Since the key idea of the proposed methods is to oversegement the HSIs and perform PCA superpixelwisely, how to determine the parameter of the superpixel segmentation model (i.e., the superpixel number in ERS) and the segmentation scales is a a crucial and open problem. In this paper, we set them experimentally to achieve the best performance. In fact, the segmentation scales and superpixel number jointly determine the minimum and maximum homogeneous regions, which can be deduced from the Eq. (5). The searching of optimal segmentation scales and superpixel number can be converted to the problem of setting the size of minimum and maximum homogeneous regions of the given HSIs. Obviously, the size of homogeneous region is determined by the texture information. Therefore, the most direct approach is to detect the edges in a given images through some edge detectors, such as Canny and Sobel. Therefore, we can obtain the texture ratio, which can be used to define the size of homogeneous region.

V Conclusions

In this paper, we propose a simple but very effective technique for unsupervised feature extraction of hyperspectral imagery based on superpixelwise principal component analysis (SuperPCA). By segmenting the entire hyperspectral image (HSI) to many different homogeneous regions, which have similar reflectance properties, it can facilitate the dimensionality reduction process of finding the essential low-dimensional feature space of HSIs. To take full advantage of the spatial information contained in the HSIs, which cannot be extracted using a single scale, we further advocate a decision fusion strategy through multiscale segmentation based on the SuperPCA model (MSuperPCA). Extensive experiments on three standard HSI datasets demonstrate that the proposed SuperPCA and MSuperPCA algorithms outperform the existing state-of-the-art feature extraction methods, including unsupervised feature extraction methods as well as supervised feature extraction methods, especially when the training samples are limited.
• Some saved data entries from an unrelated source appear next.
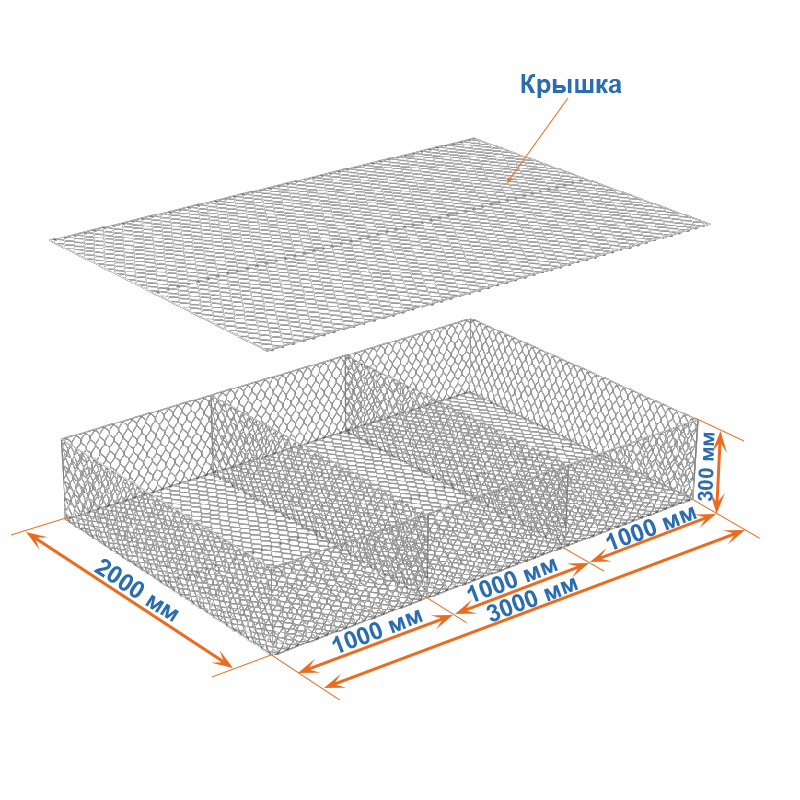 Габионные матрасы Рено 3x2x0,3: ячейка 80х100, диаметр проволоки 2,7 мм, покрытие Цинк.
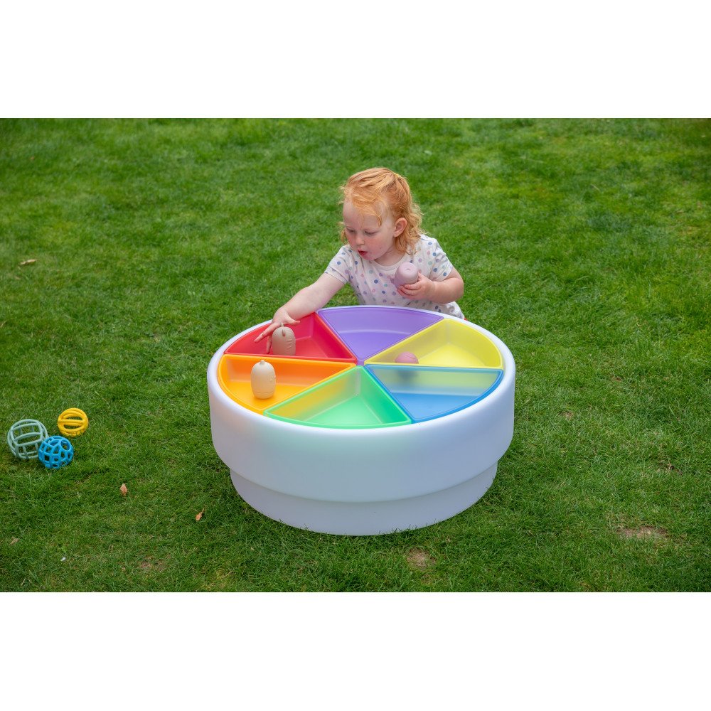 Spalvoti tyrinėjimo padėklai padeda organizuoti grupines kūrybines sensorinio ugdymo veiklas, kuomet kiekvienas vaikas turi atskirą erdvę tyrinėjimui.
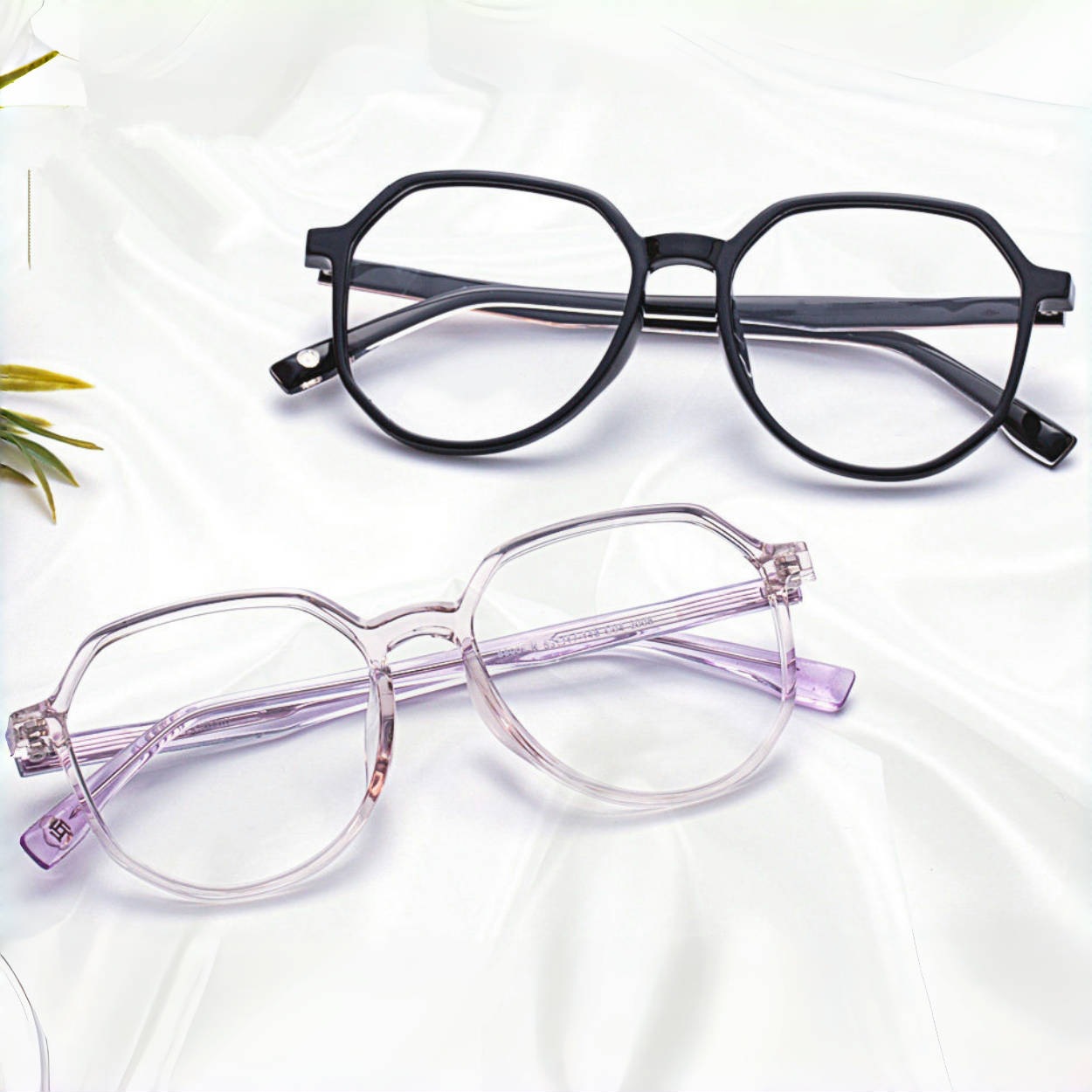 多角形冷銀大枠眼鏡近視女性には、青い光を防ぐ顔が痩せている素顔平光眼鏡がついている
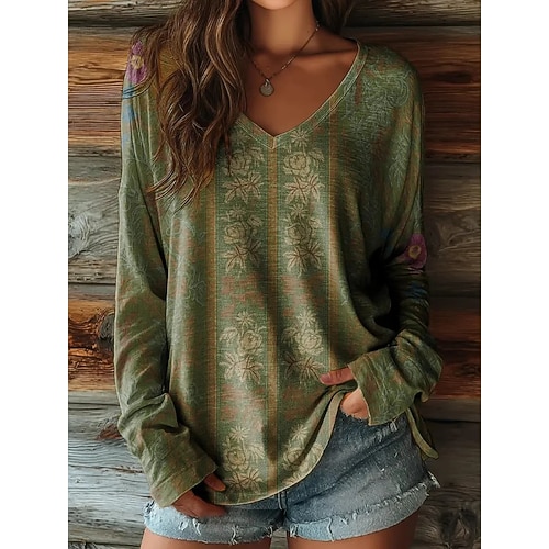 Per donna Maglietta Grafico Piante Tribale Vintage Elegante Classico Manica Lunga Scollo a V Top Regolari Quotidiano Stampato Blu Verde chiaro Vino Blu marino Fucsia Primavera Autunno Inverno

When the number of the training samples is relatively large, the proposed algorithm can still obtain very competitive classification results when compared with these supervised feature extraction methods. Because of inheriting the merits of PCA technology, the proposed SuperPCA can be also used as a preprocessing for many hyperspectral image processing and analysis tasks.

References

  • [1] M. Fauvel, Y. Tarabalka, J. A. Benediktsson, J. Chanussot, and J. C. Tilton, “Advances in spectral-spatial classification of hyperspectral images,” Proceedings of the IEEE, vol. 101, no. 3, pp. 652–675, 2013.
  • [2]

    L. Zhang, L. Zhang, and B. Du, “Deep learning for remote sensing data: A technical tutorial on the state of the art,”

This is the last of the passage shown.